Menteri Yohana Yambise Pemberdayaan Perempuan dan Perlindungan Anak (PPPA) dalam Rapat Paripurna DPR-RI di Senayan saat membacakan Pendapat Akhir Presiden atas Rancangan Undang Undang tentang Perubahan atas Undang Undang nomor 1 tahun 1974 tentang Perkawinan telah menyampaikan, “Keputusan atas pengesahan RUU perubahan undang-undang nomor 1 tahun 1974 tentang perkawinan ini sangat dinantikan dalam upaya menyelamatkan anak Indonesia atas praktik perkawinan anak”.
Indonesia menduduki peringkat ke-7 di dunia dan ke-2 di ASEAN dengan angka perkawinan anak tertinggi. Praktik perkawinan anak di Indonesia berdasarkan data BPS 2017 menunjukkan (25,2%), artinya satu dari empat anak perempuan menikah pada usia anak, yaitu sebelum mencapai usia 18 tahun. Sedangkan pada tahun 2018 BPS sebesar (11,2%), artinya satu dari sembilan perempuan usia 20-24 tahun menikah sebelum usia 18 tahun, dan ada 20 provinsi dengan prevalensi perkawinan anak di atas angka nasional.

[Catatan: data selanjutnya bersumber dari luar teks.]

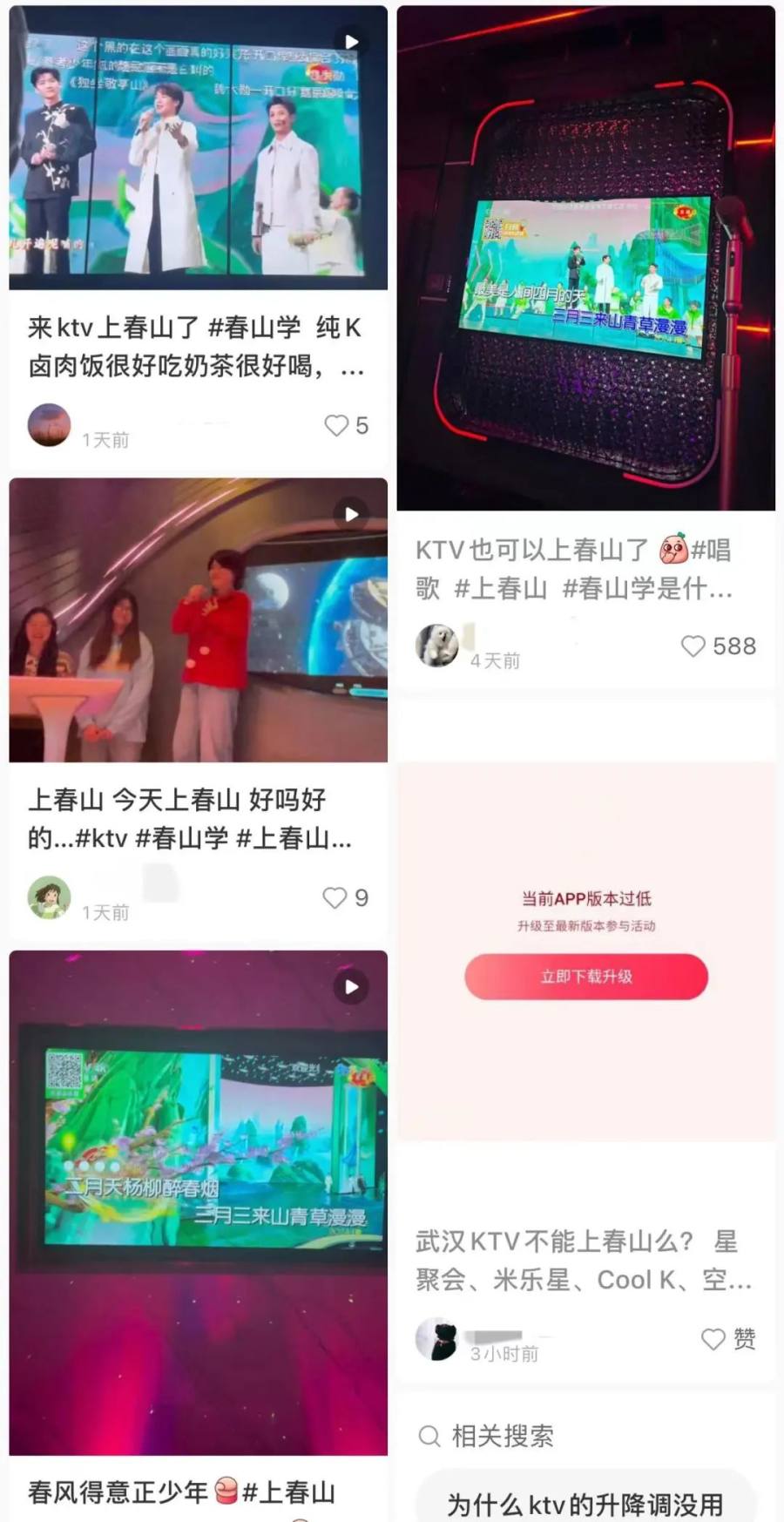 同时,在社交平台上,也可见网友晒出的在KTV演唱《上春山》的视频。而在演唱时,网友们普遍会模仿魏晨、魏大勋、白敬亭三人在春晚演唱《上春山》时的站位和动作。北京多家KTV近日也向记者表示,已经有《上春山》这首歌。
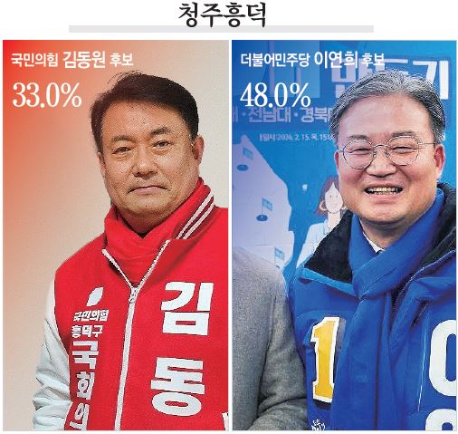 흥덕구에 거주하는 만 18세 이상 남녀 505명을 대상으로 한 여론조사에서 이연희 민주당 예비후보가 48%를 얻었고 김동원 국민의힘 예비후보는 33%에 그쳤다. 이어 김기영 개혁신당 예비후보 3.0%, 이명주 진보당 예비후보 2.0%였다. 지지후보가 없다는 응답은 8.0%, 모름/무응답은 4.0%, 그외 다른 인물 2.0%였다. 당선가능성도 이 예비후보가 42%, 김 예비후보는 33%로 조사됐다.
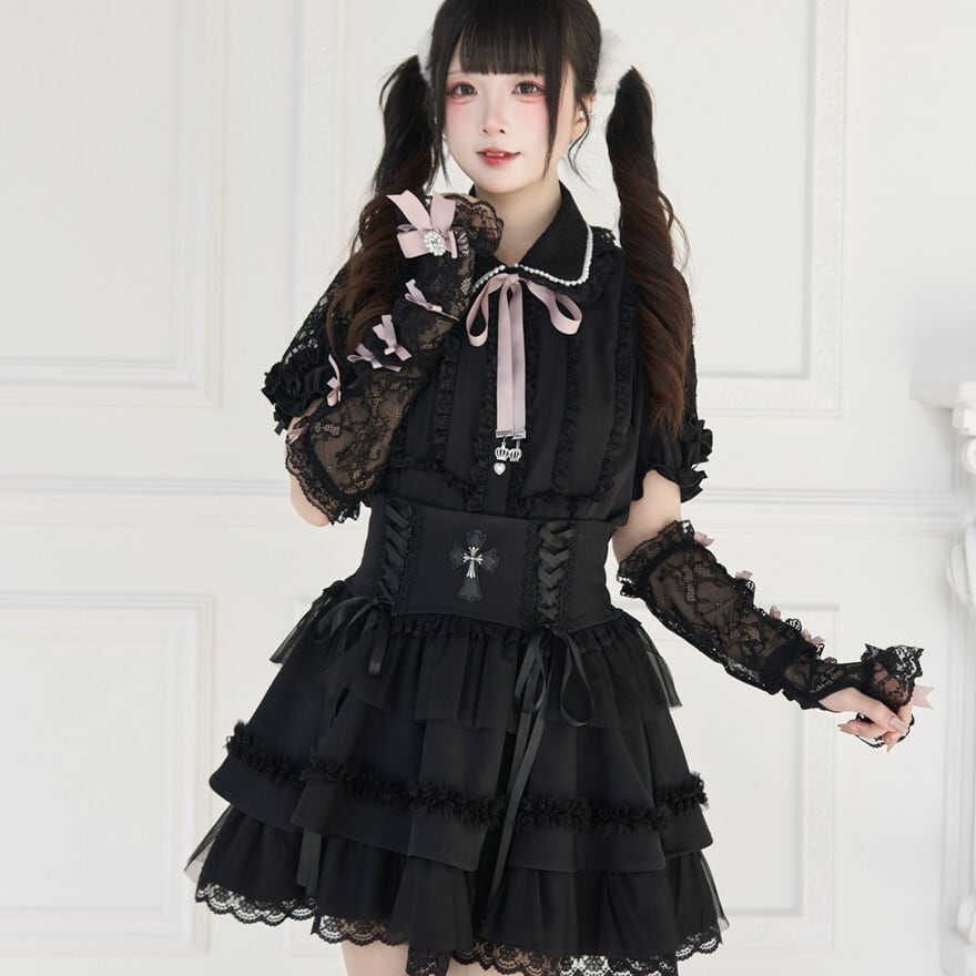 ゴスロリ 量産型 袖カバー レース リボン
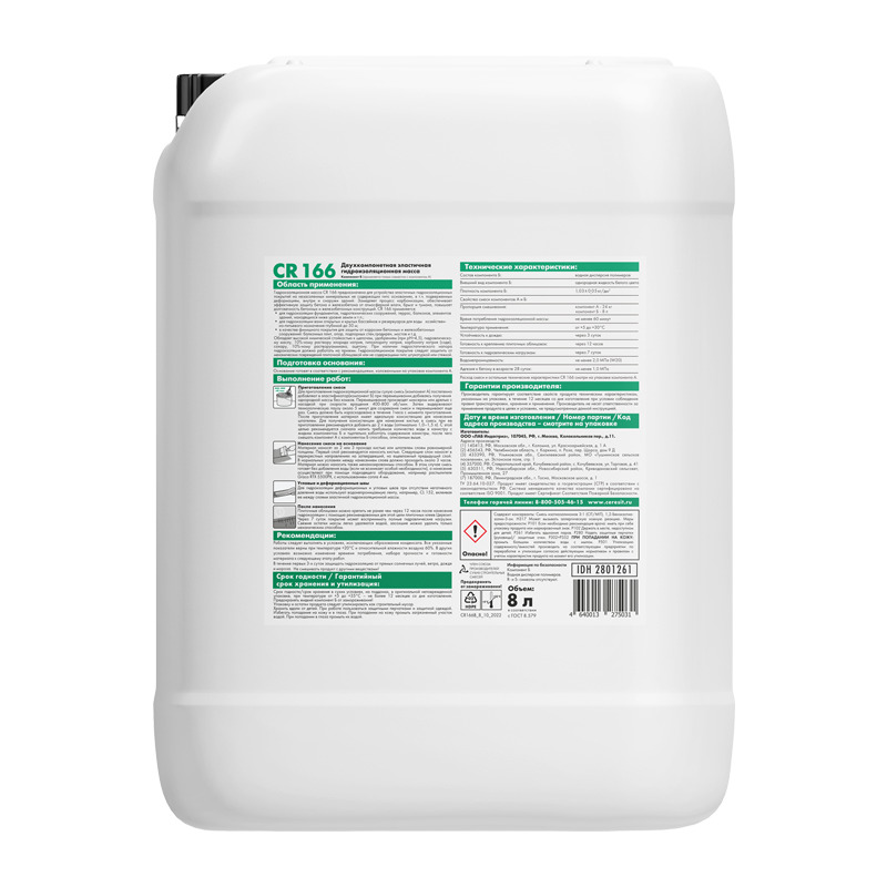 Масса гидроизоляционная эластичная Церезит CR 166 предназначена для устройства эластичных гидроизоляционных покрытий на незасоленных минеральных не содержащих гипс основаниях, в т.ч. подверженных деформациям. Устойчива к щелочной и солевой агрессии. Применяется для внутренних и наружных работ. Замедляет процесс карбонизации, обеспечивает эффективную защиту бетона и железобетона от атмосферной влаги, брызг и тумана, повышает долговечность бетонных и железобетонных конструкций.

Perasaan rasa sedih dan bahagia karena akhirnya tercapai, disahkannya revisi Undang-Undang Pekawinan dengan batas usia perkawinan minimal bagi perempuan dan laki-laki sama-sama 19 tahun. "Hal ini adalah kado bagi anak-anak Indonesia yang pernah dijanjikan Menteri Yohana di Peringatan Hari Anak Nasional tahun 2019 kemarin," Jelasnya usai pengesahan RUU Perubahan Undang-Undang Nomor 1 Tahun 1974 tentang Perkawinan oleh Ketua DPR – RI.
Menteri Yohana menjelaskan, ada banyak sekali masalah yang ditimbulkan akibat praktek perkawinan anak.
“Fakta-fakta menunjukkan bahwa praktik perkawinan anak harus segera dihentikan, dan jika kondisi ini tidak dicegah akan menjadikan Indonesia berada dalam kondisi darurat perkawinan anak,” tambahnya.
Pertimbangan perkawinan anak batas minimal usia 19 tahun juga didasarkan bahwa seseorang dinilai telah matang jiwaraganya untuk dapat melangsungkan perkawinan, dapat menekan laju kelahiran yang lebih rendah dan menurunkan risiko kematian ibu dan bayi serta pekerja anak. Selain itu, juga dapat terpenuhinya hak-hak anak sehingga mengoptimalkan tumbuh kembang anak.